Wednesday 18 May 2016

Vom Himmel gefallen: David Bowie

David Bowie, das ist für mich zuallerst "Ground Control to Major Tom ..." und Ziggy Stardust, später dann Life on Mars, Changes, China Girl und und und ... einen guten Sänger fand ich ihn nie, bis ich dann vor Jahren einen Konzertmitschnitt auf Youtube sah, der Bowie mit Tina Turner im Duett zeigte und mich sprachlos liess: Der Mann konnte singen. Ich war hingerissen. Und die beiden zusammen, das war einfach genial.

Der androgyne Bowie wirkte auf mich nie wirklich real, ihn umgab immer eine Aura des Ausserirdischen und die Bilder, die Mick Rock 1972-1973 machte, bestätigen diesen Eindruck.

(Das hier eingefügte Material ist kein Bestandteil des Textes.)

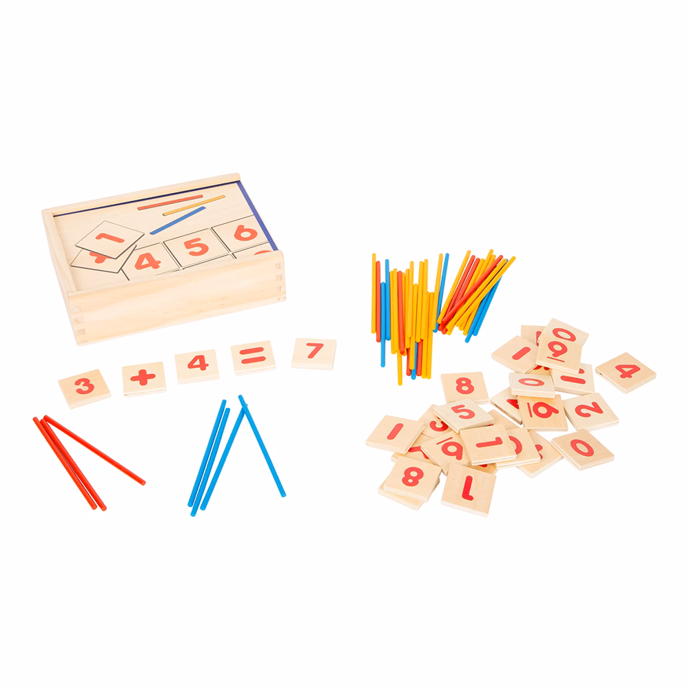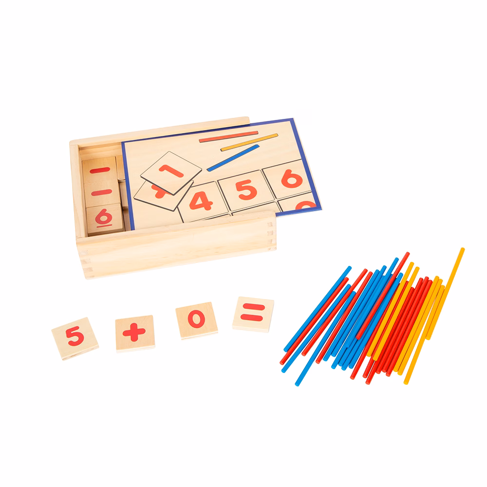 Värvilisi arvutuspulki ja puidust plaate saab kasutada liitmise, lahutamise ja võrdlemisülesannete lahendamiseks.

Michael Bracewell schreibt in seinem Essay "Der Schock des Neuen, Elektrisierten: Ziggy Stardust und David Bowie" dass diese "Mischung aus Sex, Glamour und ausgeprägt ästhetischer Extravaganz" so extrem sei, dass "sogar der Rock 'n' Roll, die Musik von Sex, Rebellion und coolem Aussenseitertum, plötzlich einen revolutionären Wandel erlebt" habe, verkörpert von einem "Star, der die musikalische und visuelle Sprache des Rock 'n' Roll weit über all ihre bekannten Inkarnationen hinausgetragen und dabei eine imaginäre neue Welt geschaffen hat ...".
Brian Eno, der im Studio mit David Bowie zusammengearbeitet, ist letzthin in einem BBC-Interview quasi dazu aufgefordert worden, Bowies Genialität zu bestätigen, führte jedoch stattdessen aus, dass in Menschen, die wir als aussergewöhnlich wahrnehmen, ganz vieles zusammenkomme und diese gleichsam mehr seien als nur einfach sie selber. Sie würden eigentlich stellvertretend für uns alle theatralisch abbilden, was dauernd an Neuem entstehen könne, sofern man sich diesem nicht entgegenstelle. Mit anderen Worten: an Bowie ist vor allem spannend, dass das, was er repräsentiert, weit über ihn hinausgeht.
Brian Enos Gedanken haben mich auch an eine BBC-Talkshow von vor Jahren erinnert, bei der die Nobelpreisträger der verschiedenen Disziplinen um einen Tisch sassen und, angeleitet von der Moderatorin, Ideen austauschten. Besonders beeindruckt war ich von einem schwergewichtigen Japaner, der mich an einen Sumo-Ringer gemahnte. Mit einem Kollegen zusammen hatte er den Physik-Nobelpreis gewonnen, meinte jedoch, sein persönlicher Verdienst sei nicht wirklich gross. Was sie/er entdeckt hätten, sei dagewesen, um entdeckt zu werden. Von ihm und seinem Kollegen oder eben auch von jemand anderem.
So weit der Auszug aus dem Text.